AlexsLemonade / alsf-scpca

Management and analysis tools for ALSF Single-cell Pediatric Cancer Atlas data.
BSD 3-Clause "New" or "Revised" License
0 stars 1 forks source link

Add per gene level benchmarking notebook #88

Closed allyhawkins closed 3 years ago

allyhawkins commented 3 years ago

Related to #82, I have separated out the benchmarking analysis looking at metrics at a per gene level into a separate notebook. This is looking at the same samples that were imported into a SingleCellExperiment in #82 and now using the scater::addPerFeatureQC method to look at mean gene expression and percentage of cells each gene is expressed in across the pre-processing tools.

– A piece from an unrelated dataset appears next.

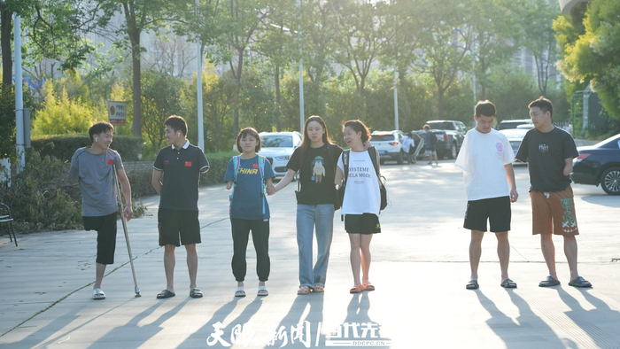 ▲从左到右依次为中国残疾人游泳队贵州籍运动员:杨光龙、伍洪良、刘道敏、蔡丽雯、何聖羔、罗锦彪、杨洪。图为他们结束训练准备回宿舍休息。贵州日报天眼新闻记者 陈祖嘉 摄

We are using 4 single cell RNA seq samples and 2 single nuclei RNA seq samples, run on 4 different tools (cellranger, alevin, alevin-fry, and kallisto) with single nuclei RNA seq samples being run both on a cDNA and pre-mRNA index. In this notebook I chose to look at the correlation of mean gene expression and percent of cells a gene is detected in across each tool with cellranger for shared cells. I also looked at the percentage of genes that are overlapping between each tool and cellranger and the mean gene expression of those that overlap vs. those that do not overlap.

I'm sure there are more things we can do, like looking at the overlap specifically of the most variable genes or highly expressed genes, but I wanted to start here because it does appear that most tools have fairly good overlap and high spearman correlation coefficients of > 0.9.